Waterfront is a 1984 Australian miniseries about industrial disputes on the Australian waterfront during the Great Depression.

==Premise==
In 1928, industrial unrest erupts on the Melbourne waterfront.

==Cast==
- Jack Thompson as Maxey Woodbury
- Greta Scacchi as Anna Chieri
- Warren Mitchell as Laughing Les
- Noni Hazlehurst as Maggie
- Ray Barrett as Sam Elliott
- Chris Haywood as Ernie Donaldson
- Jay Mannering as Savo
- Elin Jenkins as Vera Donaldson
- Frank Gallacher as Paddy Ryan
- Jan Friedl as Sheila Ryan
- Mark Little as Allan Williams
- Wynn Roberts as Inspector Legge
- Tony Rickards as Snowy Williams
- Eileen Chapman as Florence "Flo" Williams
- Edward Hepple as Harry Geahry
- Sylvie Fonti as Teresa Callini
- Peter Sardi as Paolo Callini
- Steve Bastoni as Emilio Callini
- Joseph Spano as Giorgio
- Simon Chilvers as Cross
- David Cameron as Albert Maple-Brown
- Bruce Myles as Premier Hogan
- John Lee as The Governor
- Anthony Hawkins as Sir William McPherson
- Kirk Alexander as Commissioner Blamey
- Robert Meldrum as Parsons
- Wilfred Last as Purcell

==Production==
The production was originally envisioned as a feature film. It was based on a script by Mac Gudgeon, who worked on the docks in the 1960s when he was avoiding the draft for the Vietnam War. He heard stories about the 1928 strike and became fascinated by it. Gudgeon wrote the script in six weeks and showed it to Bob Weis, who was producing Women of the Sun, a mini series on which Gudeon was unit manager. Weis liked it but wanted to do it as a mini series. Gudgeon spent the next 18 months rewriting.

Weis hired Chris Thompson to direct on the basis of 1915. It was the first Australian television Jack Thompson had appeared in except for Spyforce as "I fell in love with the Waterfront script." Greta Scacchi agreed to play the female lead after her breakthrough role in Heat and Dust.

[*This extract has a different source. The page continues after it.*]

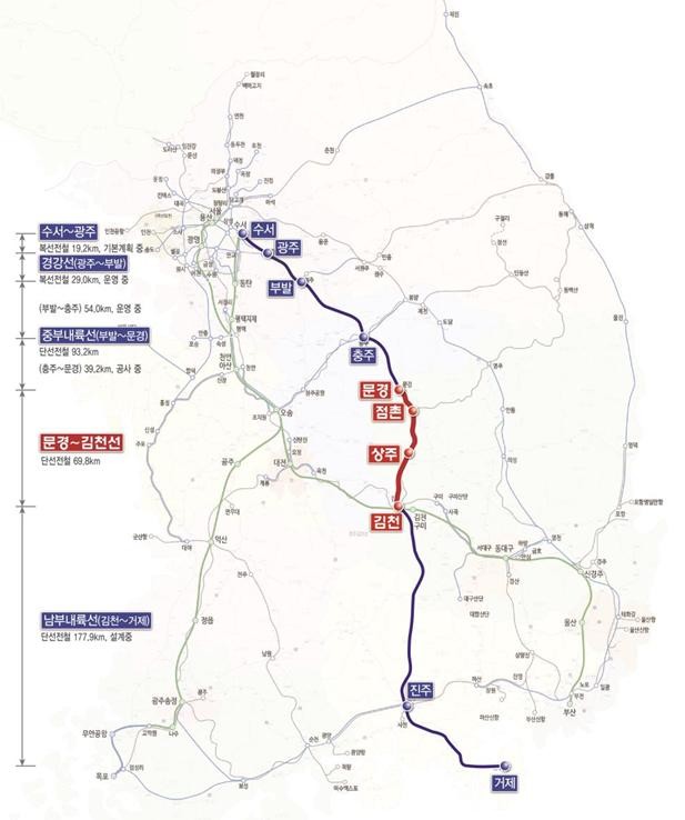 문경-김천 철도건설 사업은 경북 문경에서 상주를 거쳐 김천까지 총 69.8㎞ 구간의 전철을 건설해 우리나라 내륙철도망을 완성하는 사업으로, 총 사업비 1조3031억원(설계속도 250㎞/h)이 투입된다.

Filming started in February 1983 and took place in Melbourne over 14 weeks with a budget of $2.5 million. The mini-series sold to Channel Ten.

==Reception==
The Sydney Sun Herald called it "stunning. It will make you cry, it will make you laugh, and it will make you weep with anger. It is superbly made." The Age called it "gritty, gutsy drama... a rattling good yarn... not to be missed."

The mini-series was popular, with a market share of 30 in Sydney and Melbourne.